On Mon, 13 Sep 2010, Daniel Nordlund wrote:
I have been asked to look at options for doing relative risk regression on some survey data. I have a binary DV and several predictor / adjustment variables. In R, would this be as "simple" as using the survey package to set up an appropriate design object and then running svyglm with family=binomial(log) ? Any other suggestions for covariate adjustment of relative risk estimates? Any and all suggestions welcomed.

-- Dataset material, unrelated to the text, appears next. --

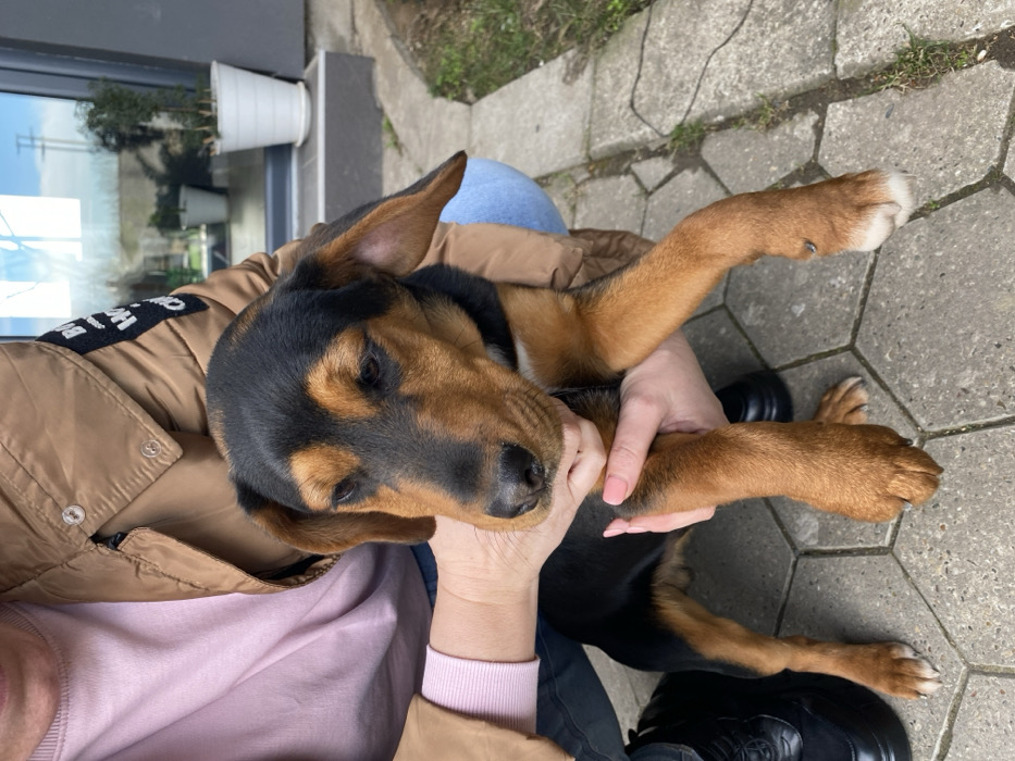 The scene is set outdoors in Palilula Urban Municipality, Serbia, featuring a partial view of an individual holding a dog. The person, visible from the chest down, wears a light brown padded jacket with black text patches on the left arm, a light pink long-sleeved shirt, and light blue jeans. Black footwear is visible on the left foot. Their hands, with pink-painted fingernails, support a medium-sized dog with short black and tan fur. The dog displays tan markings on its face, ears, legs, and underbelly, along with a small white patch on its chest and a visible black collar. Its eyes are partially closed. The ground is paved with hexagonal concrete blocks, with a narrow strip of dirt and sparse grass visible to the right. In the background, a modern building entrance or large window reflects a bright, cloudy sky with a visible power line or pole. Two white potted plants, one tall and one short, are positioned on either side of a dark gray step leading to the entrance.
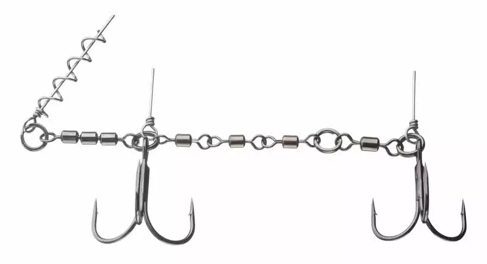 Daiwa Prorex Screw-in Swivel Assist Stinger är speciellt designad för att kroka shadar, det vill säga stora gummibeten. Två storleksalternativ ger flexibilitet för olika beteslängder. Storlek 2/0 passar beten som är 18–25 cm långa, medan storlek 3/0 är avsedd för 20–30 cm beten. Mycket starka trekrokshakar och sidofästen håller fisken effektivt fast.

If the fitted values don't get too close to 1 then svyglm( ,family=quasibinomial(log)) will do it. The log-binomial model is very non-robust when the fitted values get close to 1, and there is some controversy over the best approach. You can still use svyglm( ,family=quasibinomial(log)) but you will probably need to set the number of iterations much higher (perhaps 200). Alternatively, you can use nonlinear least squares [svyglm(, family=gaussian(log))] or other quasilikelihood approaches, such as family=quasipoisson(log). These are all consistent for the same parameter if the model is correctly specified and are much more robust to x-outliers. I rather like nonlinear least squares, because it's easy to explain. -thomas Thomas Lumley Professor of Biostatistics University of Washington, Seattle ______________________________________________ R-help@r-project.org mailing list https://stat.ethz.ch/mailman/listinfo/r-help PLEASE do read the posting guide http://www.R-project.org/posting-guide.html and provide commented, minimal, self-contained, reproducible code.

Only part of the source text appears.